Un idilio nuevo (fragmento)

"Cansado ya de aquella mi impotencia para luchar con la vida y de mi abrumadora falta de recursos, tuve una idea luminosa, ya que, según afirma el proverbio, más discurre un hambriento que cien letrados. Vestido con el mejor de mis trajes, la más flamante de mis corbatas, perfumado con esencia de Heno seco, el bastón con puño de plata en una mano y los guantes en la otra, salí en busca de mi tío, diputado, solterón rico y viejo vividor como ahora dicen a la francesa, que solía visitarnos en épocas de elecciones; tal vez pudiera servirme de algo. Se llamaba Javier Miralles, era muy querido en la sociedad de Santiago y excelente introductor de embajadores.

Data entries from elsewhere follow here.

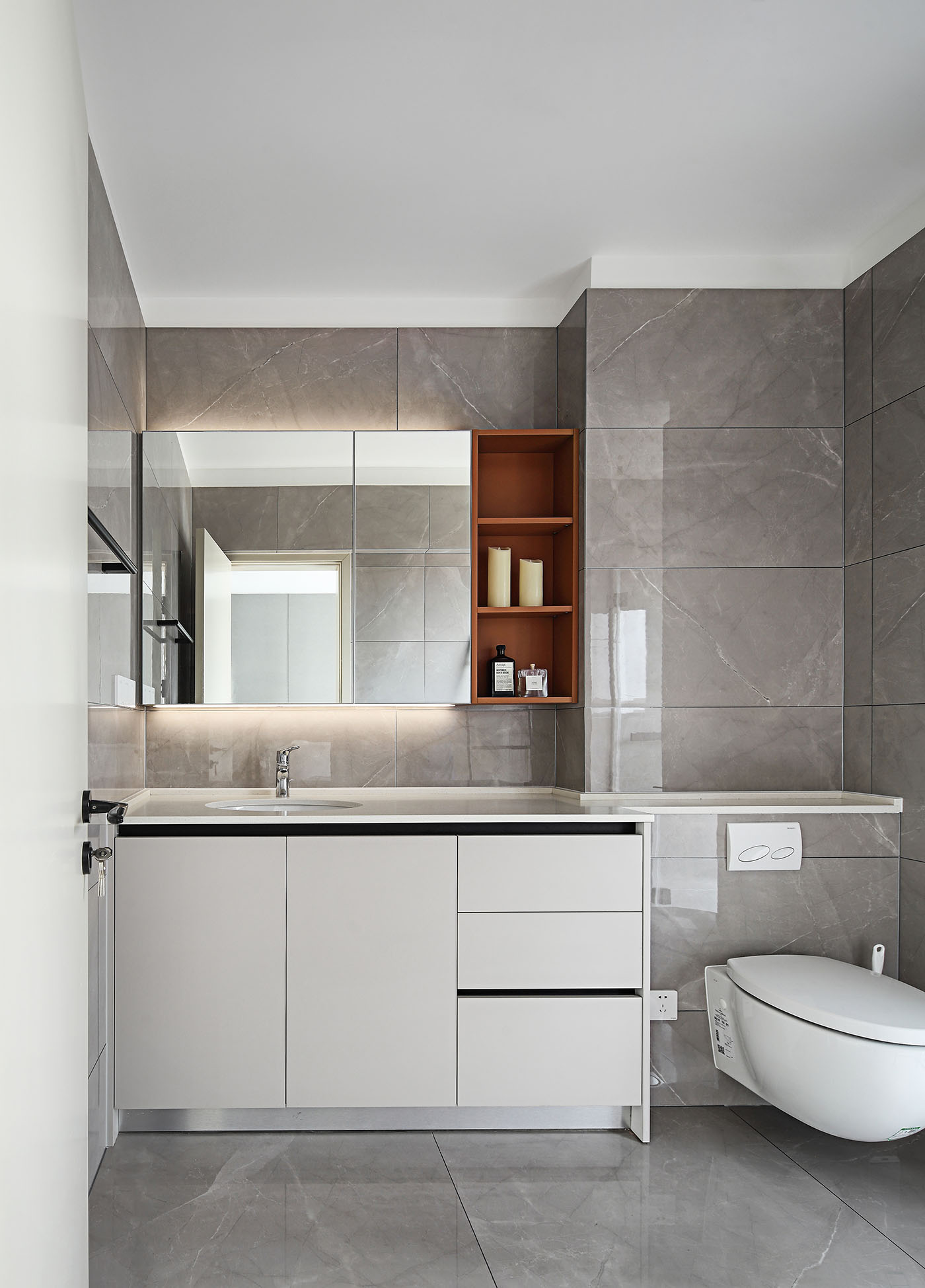 ■ 主要材料:粉末喷涂不锈钢,定制柜体,大理石瓷砖,硬包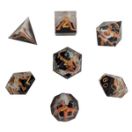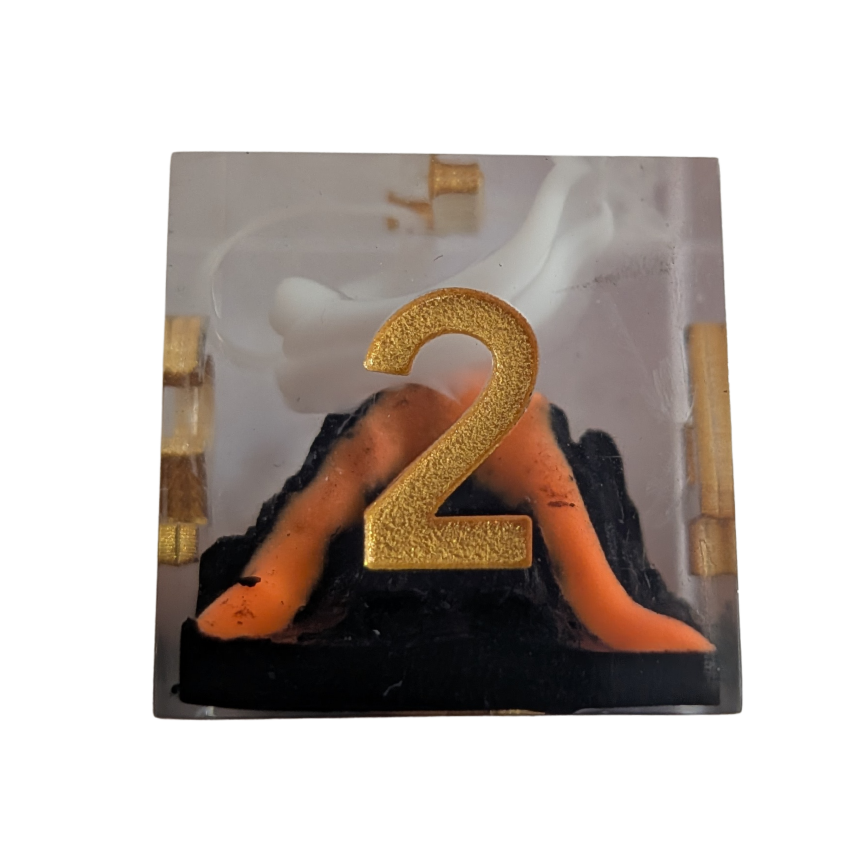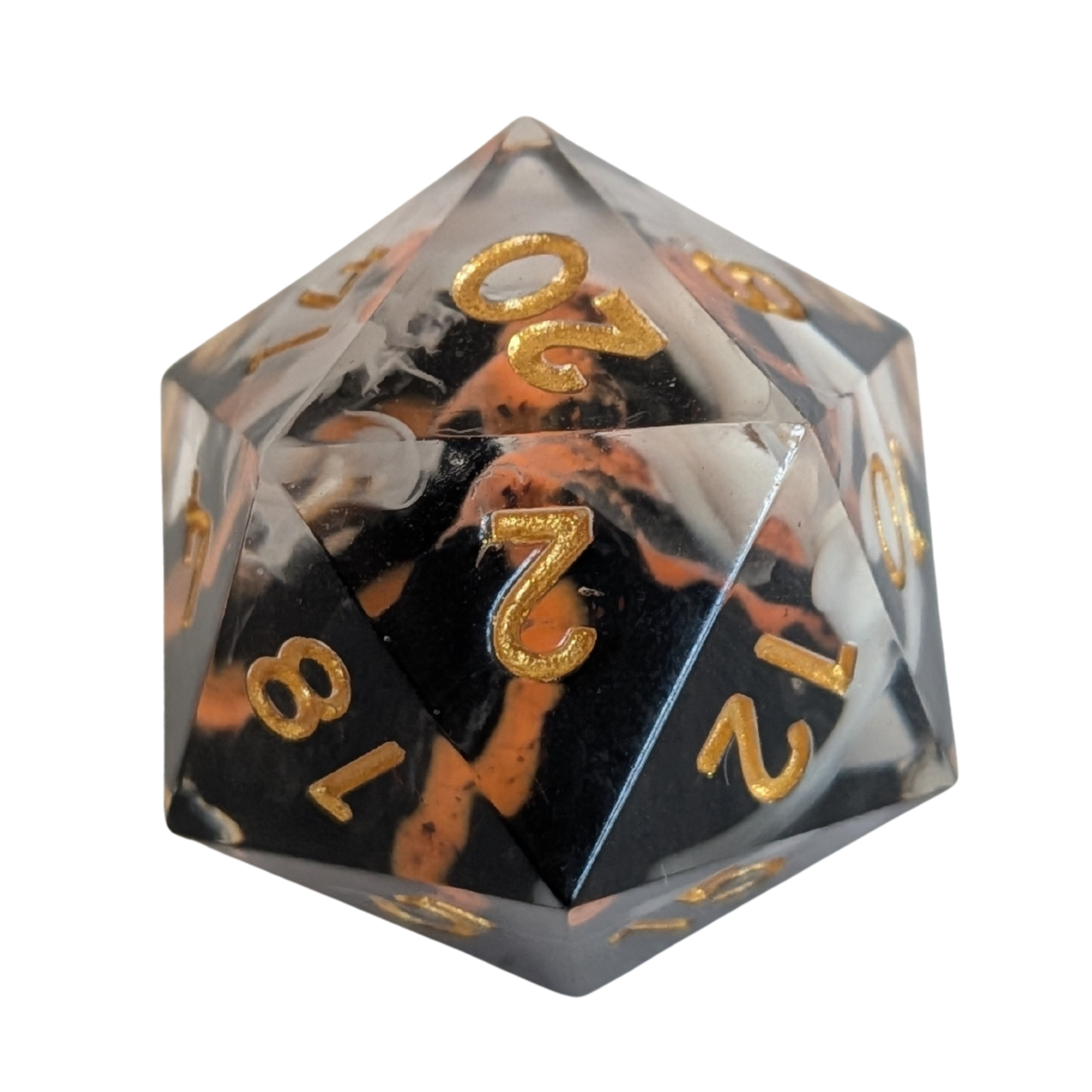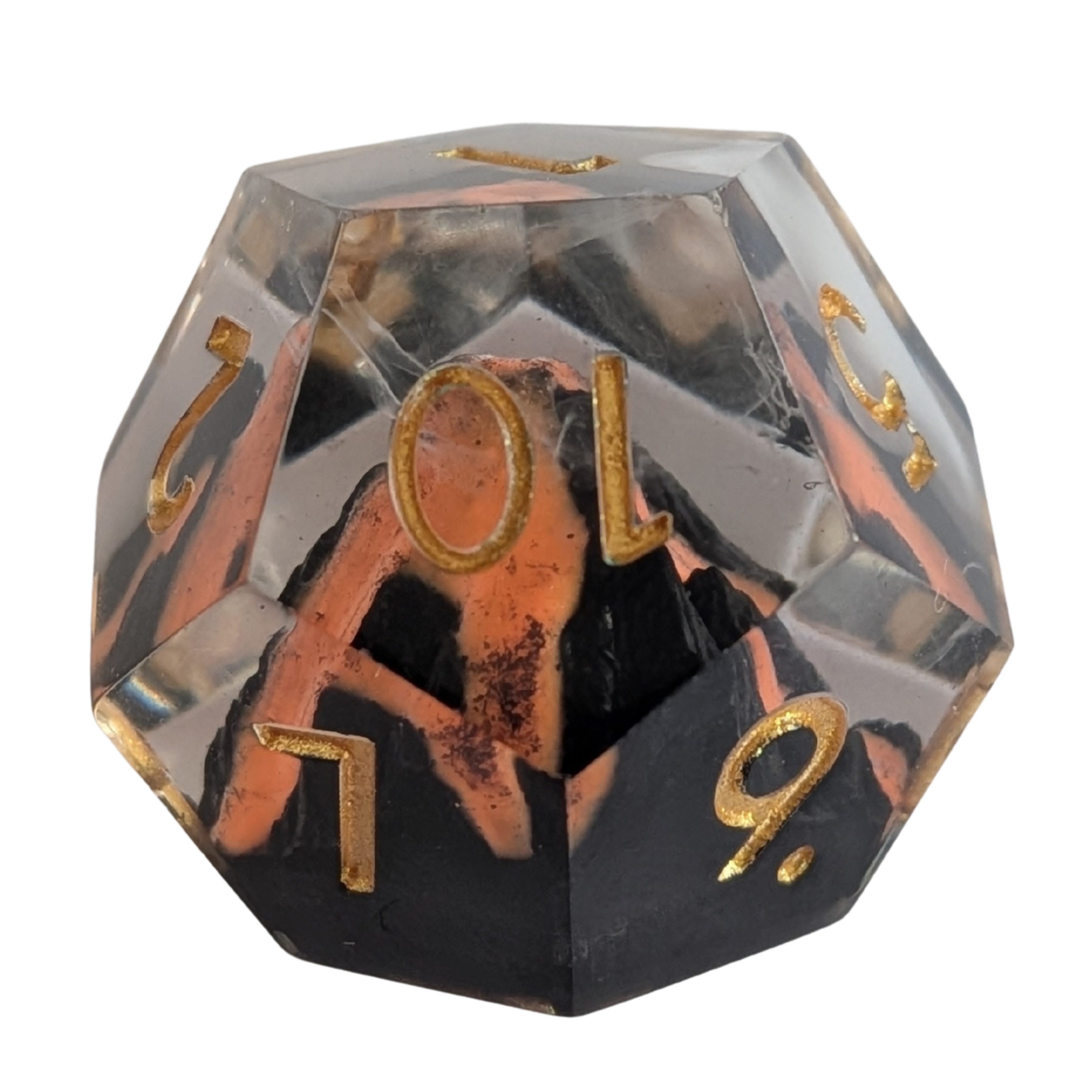 Dieses eindrucksvolle Würfelset fängt die rohe Kraft eines Vulkans ein. Die transparenten (clear) Würfel kombinieren tiefes schwarz mit leuchtendem orange, wodurch der Eindruck glühender Lava entsteht, die sich unter der Oberfläche bewegt.
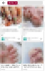 今回は、「投稿」から「ネイル」で検索をかけてみました。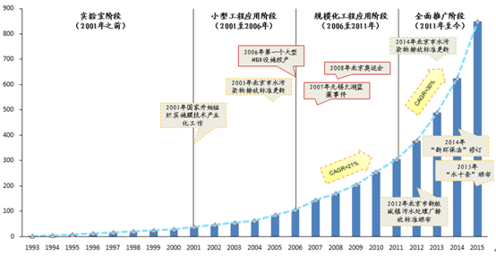 经过 50 年的发展,中国分离膜产业已经逐渐从稚嫩走向成熟。最近 15 年是整个行 业的高速增长期,行业总产值(指膜制品、膜组件、膜附属设备及相关工程的总值) 从 1993 年 2 亿元上升至 2015 年的 1000 亿,按占比 85%计算,2015 年膜法水处理 行业产值为 850 亿。国产膜材技术逐渐成熟,价格下降,同时伴随着 环保标准日趋严格和民众环保意识增强,膜法技术在全国多地开始商业化应用,目前全国投运或在建的万吨级 MBR 城镇污水处理系统已达上百个。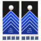 You'll be the envy of the neighborhood with this customizable blue, black, and white chevron striped cornhole set that is personalized with your family name. Use the "customize further" option to change the black background or the darker to lighter royal blue chevrons with white borders.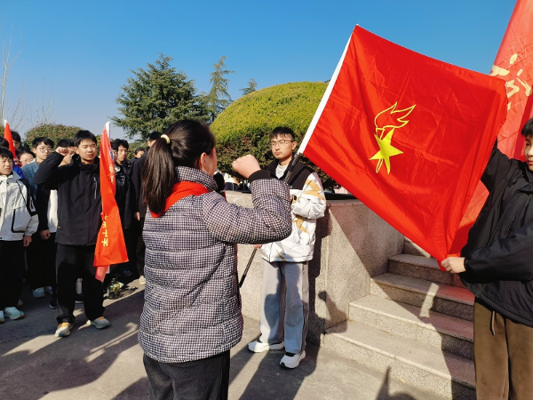 庄严的宣誓环节将活动推向高潮。首先是少先队员代表重温入队誓词,鲜艳的红领巾在胸前飘扬,铿锵的誓言表达了继承革命先辈光荣传统的决心。随后,学校共青团员在团支部书记带领下重温入团誓词,展现了青年学子积极向上的精神风貌。最后,中共党员教师重温入党誓词,铮铮誓言回荡在陵园上空。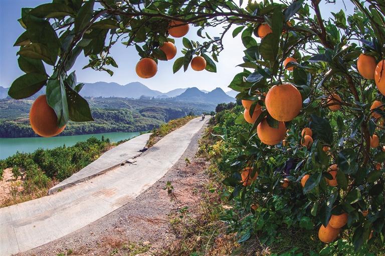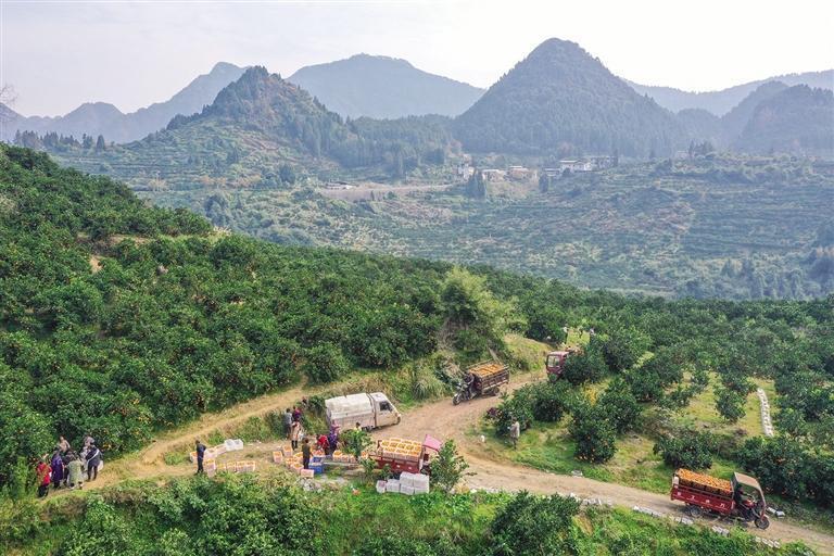 初冬,龙山县里耶镇比耳村,漫山遍野灿烂金黄,沉甸甸的脐橙挂满枝头,空气中弥漫着醉人的甜香。一条条平整的山路在果林间蜿蜒,前来收橙子的货车一辆辆将希望延伸,一派生机盎然的丰收景象。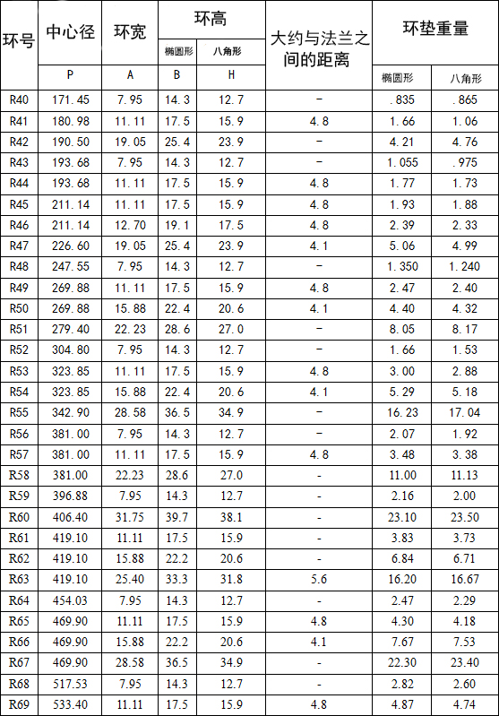 R型墊片的制造符合API 6A、6B和ASME b16.20適合API ASME/ANSI B16.5法蘭。在橢圓形和八角形配置,這兩種類型是可互換的現(xiàn)代八角型槽法蘭。
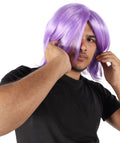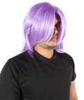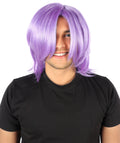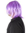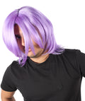 You see the Short Anime Lilac Wig, and it instantly feels alive — bright, bold, and full of character. The color is deep violet with a soft shine that catches light just enough to stand out. The short layered cut gives that classic anime shape, a little messy but styled with purpose.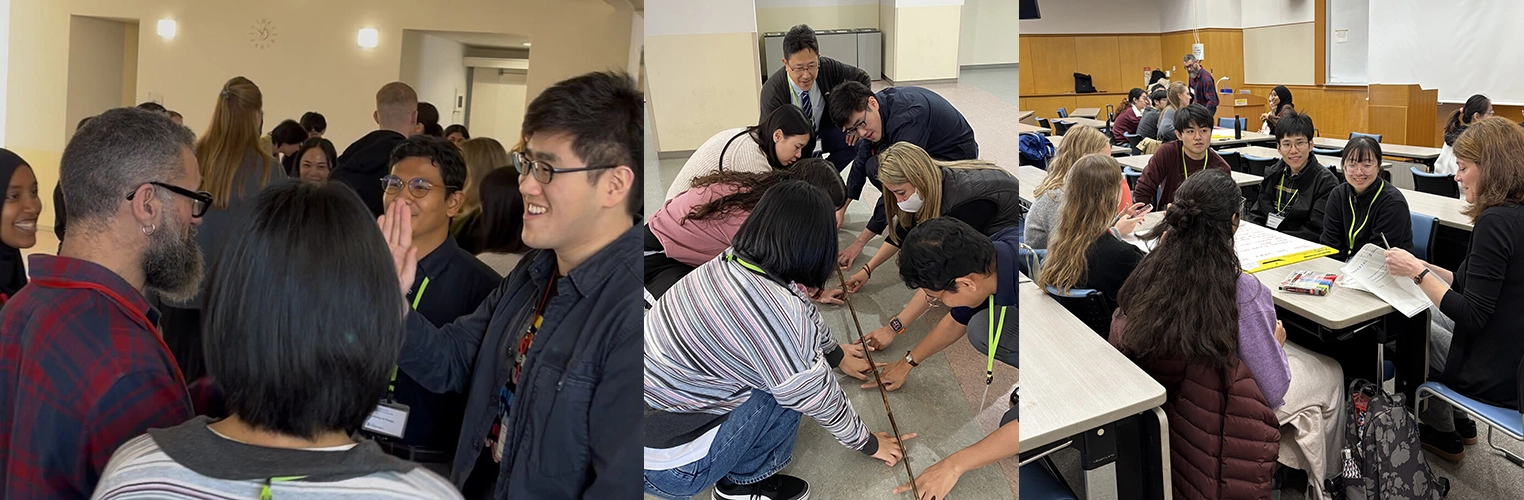 2日目の午前中は5つの課題をチームでクリアしていくゲーム型のアクティビティが行われました。いずれもコミュニケーション力やチーム内で協力しあえる信頼関係ができているかがカギとなります。本学の猪原健弘教授考案の研究倫理について正しく理解するアクティビティもその中の一つでした。参加者達は頭を悩ませながらも互いに声を掛け合って課題に取り組み、終了後にはチームとしての一体感が飛躍的に高まったようでした。また、昨年ロンドンでGFPに参加した本学の博士課程学生3名がゲームの進行役として参加しました。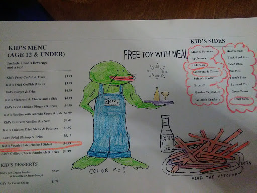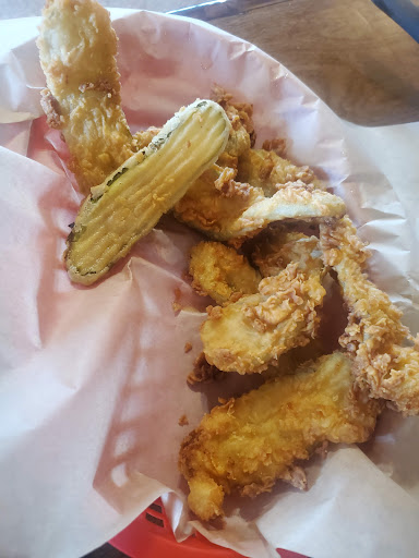 First time going there and would definitely go back. They have a fun yet simple atmosphere that caters to family and group settings. We were surprised by our drinks being served in miniature pitchers, but that added to the fun home atmosphere. PROS: - Our waitress, Arianna, was great! She was polite, willing to check on options and had a great personality. - Food. When you come here definitely bring an appetite because the serving portions are BIG! The fish, fried green tomatoes, fried pickles and shrimp all have a great crunch to them. Nothing was soggy. SUGGESTIONS: - While the food was great, they could definitely amp up their flavoring on the fish and such. They flavored the fries more than anything and even then, some of the fries were too salty.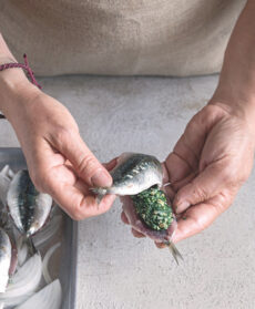 Un secondo di mare cotto in forno con semi di finocchio. Nel ripieno ricotta, erbette e fiocchi di avena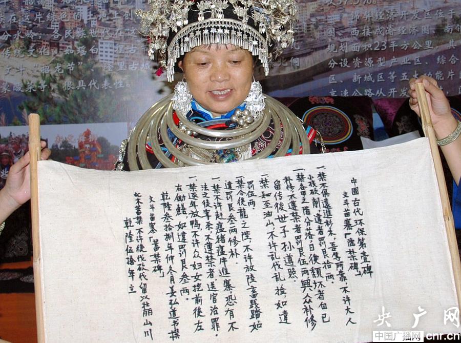 貴州省錦屏縣加池村苗族婦女展示該村清代林業(yè)契約文書。(央廣網(wǎng)發(fā) 姜澤鵬 攝)

Recorrí mi camino acostumbrado, por la Alameda, al pie del Cerro Santa Lucía y torcí por la calle vieja de la Merced, hasta dar con un coche de posta que me condujo a la calle de los Huérfanos número 365 antiguo, donde vivía el tío Javier en compañía de doña Pepa, su hermana, prima de mi madre, como él, aunque no aceptó nunca lo de ser tía por no parecer vieja, a pesar de los cincuenta ya cumplidos. Vivían en una casa de altos bastante elegante y bien puesta. Una alfombra roja con varillas de metal tapizaba la escalera, barnizada de color guinda. "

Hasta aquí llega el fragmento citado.